The goal of this notebook is to walk through the play by play feed examining data such as 

1. `EVENTMSGTYPE` which provides the play type (e.g. FIELD_GOAL_MADE, FIELD_GOAL_MISSED, TIMEOUT, PERIOD_BEGIN, etc.)
2. `EVENTMSGACTIONTYPE`which provides a subcatagorization of `EVENTMSGTYPE` (e.g. REVERSE_LAYUP, 3PT_JUMP_SHOT, HOOK_SHOT, etc.)

This notebook builds on top of the following notebooks: [Finding Games](notebook2.ipynb), [Basics Notebook](Basics.ipynb), and of course, dives into `PlayByPlay` endpoint. Note that the `PlayByPlayV2` endpoint is an extension of `PlayByPlay`.


So with that...let's get started!

The goals are
1. Get the last game the Pacers played (maybe we'll get lucky and get a current game)
2. Examine the feed and the fields that are returned
3. See how Regex can be applied to the play by play
3. Dynamically build a unique list of NBA Player Actions Events using EVENTMSGACTIONTYPE
4. See what's hiding in the feed...need to get those BLOCKS from the shot blockers!

# Let's get started and jump into the game!

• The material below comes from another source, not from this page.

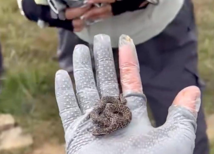 一名驴友在爬山时捡到一条幼蛇

First thing's first...get the Pacers team_id

In [1]:
#Get the Pacers team_id
from nba_api.stats.static import teams

nba_teams = teams.get_teams()

# Select the dictionary for the Pacers, which contains their team ID
pacers = [team for team in nba_teams if team['abbreviation'] == 'IND'][0]
pacers_id = pacers['id']
print(f'pacers_id: {pacers_id}')

pacers_id: 1610612754


Searching through the games and get the most recent Pacers game_id

In [3]:
# Query for the last regular season game where the Pacers were playing
from nba_api.stats.endpoints import leaguegamefinder
from nba_api.stats.library.parameters import Season
from nba_api.stats.library.parameters import SeasonType

gamefinder = leaguegamefinder.LeagueGameFinder(team_id_nullable=pacers_id,
                            season_nullable=Season.default,
                            season_type_nullable=SeasonType.regular)  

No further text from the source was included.